Greg Hopkins

No. 82
- Positions: Wide receiver, linebacker

Personal information
- Born: November 16, 1971 (age 54) Waynesburg, Pennsylvania, U.S.
- Listed height: 6 ft 2 in (1.88 m)
- Listed weight: 205 lb (93 kg)

Career information
- High school: Waynesburg Central (PA)
- College: Slippery Rock

Career history
- Albany/Indiana Firebirds (1996–2001); Los Angeles Avengers (2002–2006);

Awards and highlights
- ArenaBowl champion (1999); 2× First-team All-Arena (2002, 2003); 2× Second-team All-Arena (1998, 2000); AFL Ironman of the Year (2002); 4× AFL All-Ironman Team (1999, 2001, 2002, 2003); AFL's 20 Greatest Players #14 (2006); Arena Football Hall of Fame (2013);

Career AFL statistics
- Receptions: 833
- Receiving yards: 10,206
- Tackles: 267
- Interceptions: 26
- Total touchdowns: 213
- Stats at ArenaFan.com

= Greg Hopkins =

American football player (born 1971)

Greg Hopkins (born November 16, 1971) is an American former Arena Football League (AFL) wide receiver/linebacker with the Albany Firebirds and the Los Angeles Avengers.

==Early life==
Greg Hopkins was born in Waynesburg, Pennsylvania. He attended West Greene Junior/Senior High School and then Waynesburg Central High School in Waynesburg, Pennsylvania and was a quarterback in football, a wrestler on the wrestling team, and a record-setting javelin thrower on the track and field team.

==College career==
While attending Slippery Rock University of Pennsylvania, Greg Hopkins was a four-year letterman in football and a two-year letterman in wrestling. In football, he was a three-time All America honoree, a three-time All-Pennsylvania State Athletic Conference selection, and won Academic All-America honors as a senior. He set nine school records, and finished his spectacular college career with 215 receptions for 3,382 yards (15.73 yards per reception avg.).

==Arena Football League career==
- 1996 - Albany Firebirds: Was limited to two games due to a hand injury and finished the year with two receptions and three tackles.
- 1997 - Albany Firebirds: He had a solid year, making 58 receptions for 908 yards (15.66 yards per rec. avg.) and 15 touchdowns on offense, and 22 tackles and two pass deflections on defense.
- 2001 - Indiana Firebirds: Hopkins was a strong candidate for "Ironman of the Year" honors.

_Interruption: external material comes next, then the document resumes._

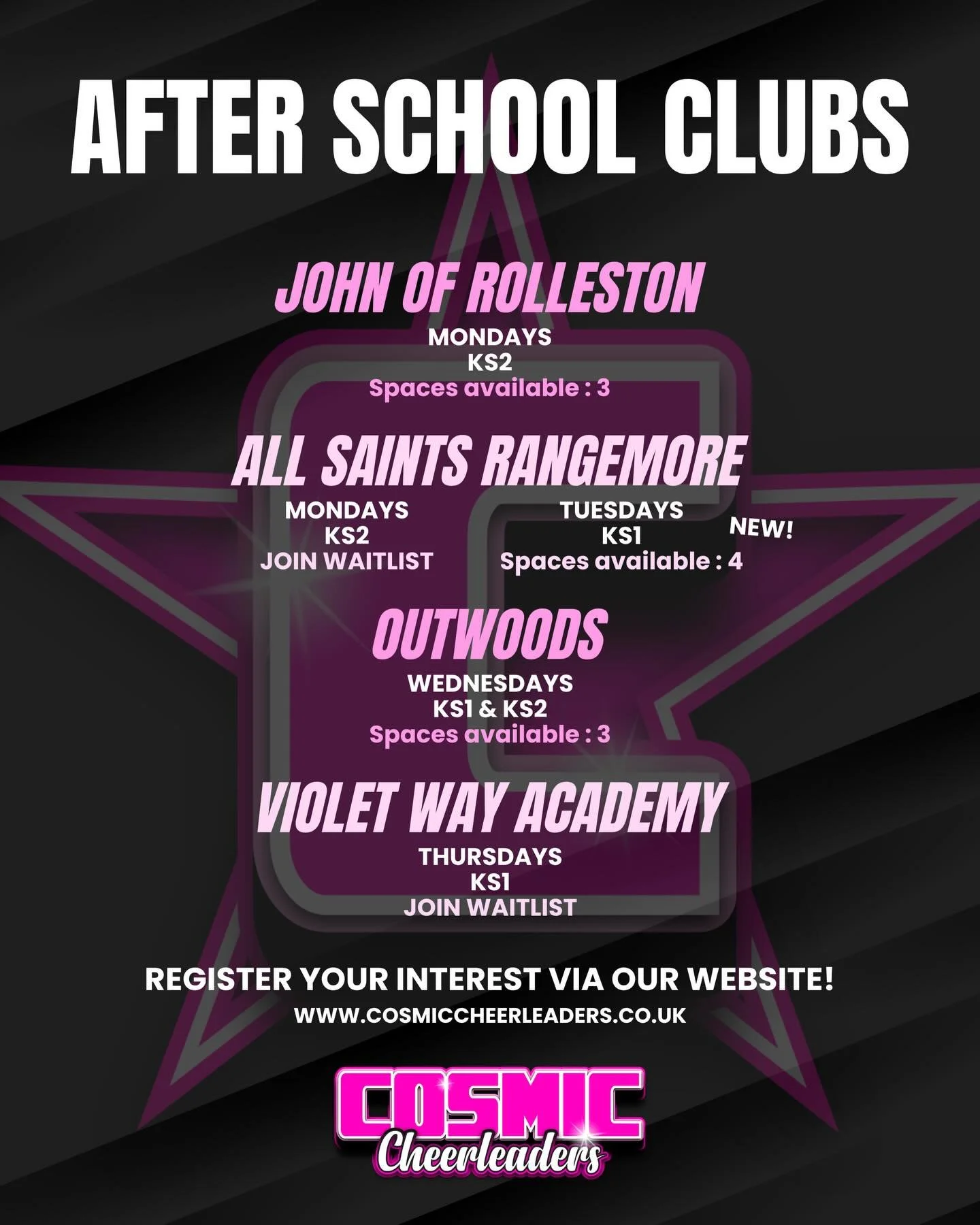 Based in Burton on Trent, Cosmic Cheerleaders offers programs for athletes aged 4+ of all abilities, including Recreational Classes, Competitive Teams, our Tumbling Academy, Competition Development Team, and International Travel Team. We also run an Educational Programme, teaching cheer in schools and after-school clubs across the Midlands. Our recent trip took us to Disneyland Paris, and this summer weβre heading to the European Championships in Barcelona!

On offense, he made 102 receptions for 1,226 yards (12.02 yards per rec. avg.) and 18 touchdowns. On defense, he made 0.5 sack, 34 tackles, four forced fumbles, a fumble recovery, two interceptions, and three pass deflections.
- 2002 - Los Angeles Avengers: Hopkins had a spectacular year, and won first team All-Arena honors, All-Ironman honors (at both WR and LB), and was voted "Ironman of the Year." He finished the year with 102 receptions for 1,185 receiving yards (11.62 yards per rec. avg.) and 29 touchdowns on offense. As a linebacker, he posted five interceptions, 45 tackles, a forced fumble, and two fumble recoveries.
- 2003 - Los Angeles Avengers: Hopkins had another superb year and made 87 receptions for 1192 yards and won All-Arena honors after the conclusion of the season.

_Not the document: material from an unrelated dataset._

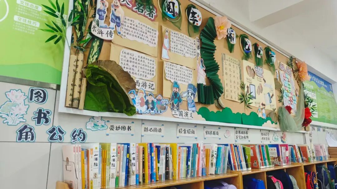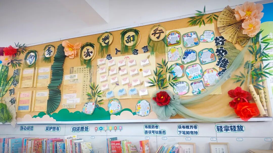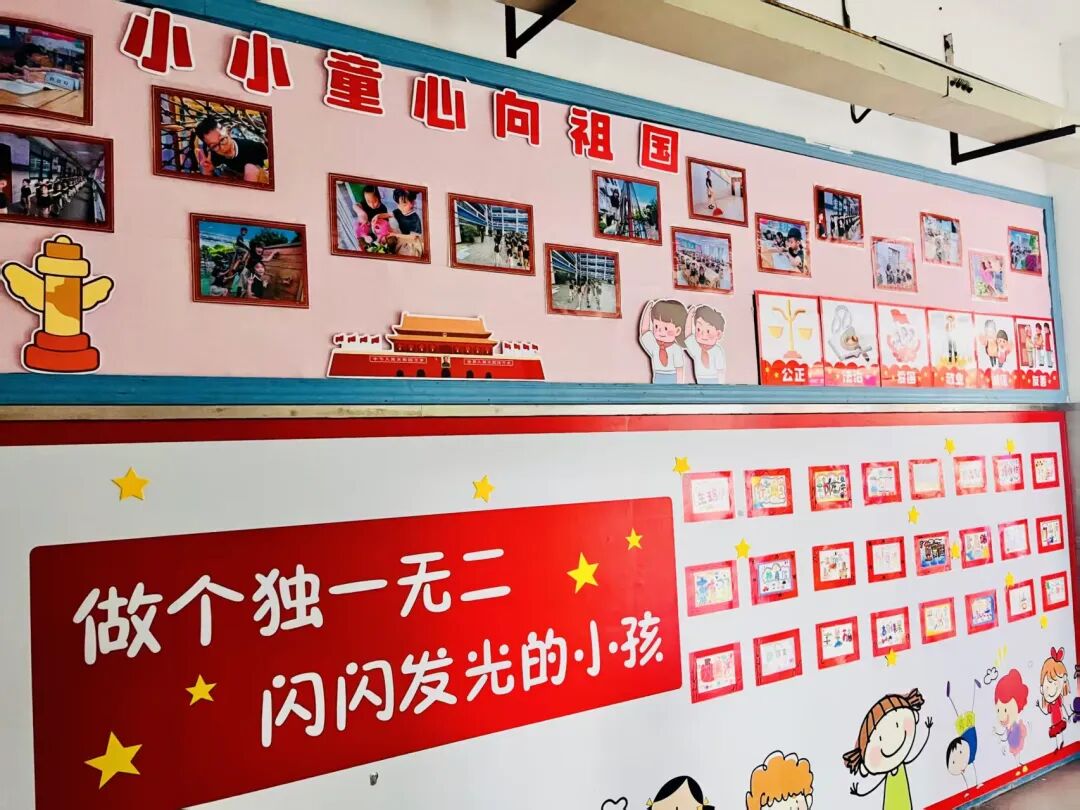 四年级主题是“阅享·沐光而行”,引导学生通过阅读汲取智慧,在劳动中践行所学。环境布置注重传递“从追光少年到发光未来”的成长理念,将个人成长与爱国爱党情怀自然融合。

On June 17, 2007, his number, #82, was officially retired by the Los Angeles Avengers during a halftime ceremony. He was named to the Arena Football Hall of Fame on August 10, 2013.

==Political career==
In 2006, Hopkins was the Republican nominee for the Pennsylvania House of Representatives from that state's 50th Legislative District, which includes all of Greene County and small parts of Washington and Fayette counties. He received approximately 47 percent of the vote against the district's longtime incumbent legislator, Bill DeWeese, winning in Greene County and losing by small margins in the other counties.

Hopkins announced that he would make a second run for the Republican nomination for the seat in 2008. He was defeated by the incumbent, Bill DeWeese.